Palm Springs Isn't a Niche. It's the Market.

No region in America concentrates more LGBTQ+ residents, more LGBTQ+ visitors, more LGBTQ+-owned businesses, and more LGBTQ+ civic power per square mile than the Coachella Valley.

This is the first guide in Pink Media's LGBTQ+ Regional Guide series — the geography axis of a research practice that has spent 20 years mapping the community vertical by vertical. Campaigns don't land in a "vertical." They land in a place, with its own media, its own institutions, its own calendar, and its own long memory of who showed up and who didn't. We start with Greater Palm Springs because it is a hometown market, a tourism market, a retirement market, and a global event stage — all at once, all year long.

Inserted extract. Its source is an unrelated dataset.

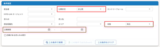 上記設定をしても、メインメニュー>求人>求人一覧 で検索が可能です。
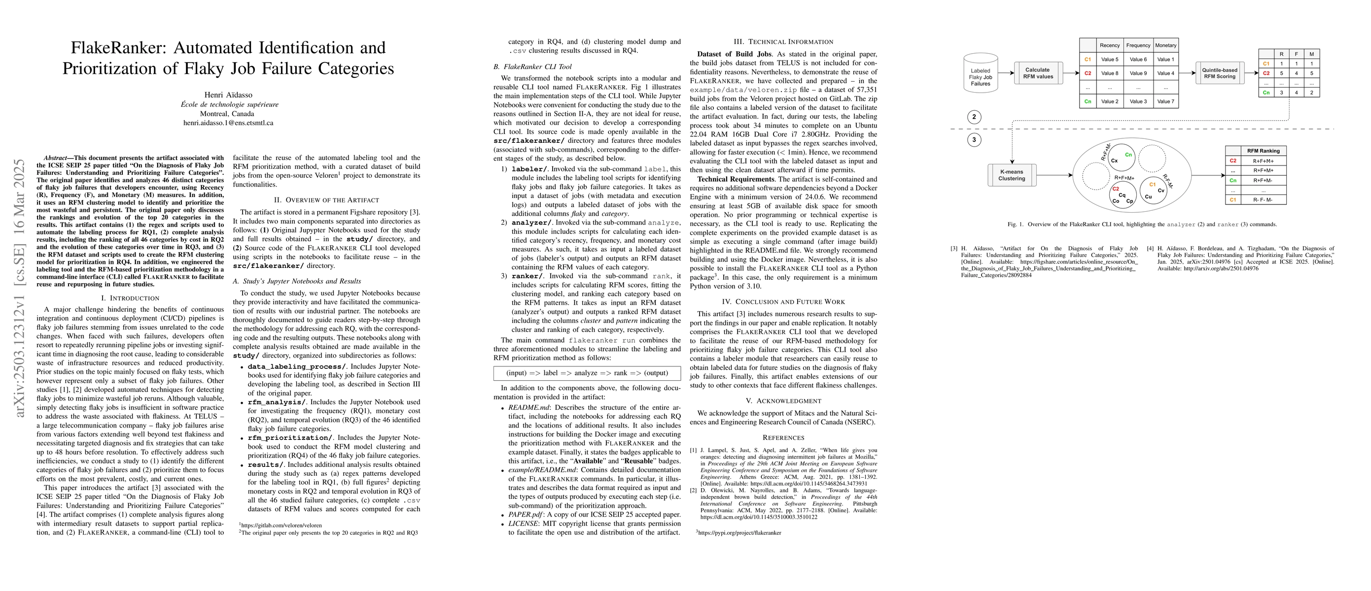 This paper presents the artifact for diagnosing flaky job failures, including scripts and datasets for automating the identification and prioritizing of 46 failure categories using RFM measures and clustering. The tool, FLAKERANKER, facilitates reuse and analysis of failure categories over time.

Palm Springs is a city of roughly 45,000 residents that behaves like a market many times its size. Local and industry estimates place the LGBTQ+ share of the population between a third and a half — the highest per-capita concentration of any American city — and in December 2017 the city seated the nation's first all-LGBTQ+ city council, a story covered from The Washington Post on down. That council included Lisa Middleton, the first out transgender person elected to non-judicial office in California. The city keeps a dedicated LGBTQ+ liaison and has declared itself a sanctuary for transgender people and drag performers. Equality here isn't a proclamation issued every June — it's the operating system of local government.

~45K
residents — est. ⅓ to ½ LGBTQ+, highest in the U.S.
2017
nation's first all-LGBTQ+ city council
100
Palm Springs' perfect 2025 HRC MEI score
9
Coachella Valley cities in the Greater Palm Springs market
"Every LGBTQ+ market guide we publish looks at the community through the lens of an industry. This series flips the map: one place at a time, starting with the gayest city in America. If you can't market authentically in Palm Springs, you can't market authentically anywhere."

The Media Anchor

Gay Desert Guide, KGAY & the Voices of the Valley

Every strong LGBTQ+ market has a media anchor — the outlet locals actually check before deciding what to do this weekend. In Greater Palm Springs, that anchor is the media family built by Brad Fuhr: GayDesertGuide.com and KGAY Radio, together the valley's only integrated LGBTQ+ digital-plus-broadcast company. Gay Desert Guide grew from a listings site into the region's LGBTQ+ front page — events, dining, nightlife, business directories, news, and the "ILoveGayPalmSprings" podcast, a direct bridge into the #ILoveGay network Pink Media has amplified for years. On January 1, 2026, in its eighth year, KGAY moved to a stronger 103.1 FM signal with HD and valley-wide coverage, and it streams globally via app and web.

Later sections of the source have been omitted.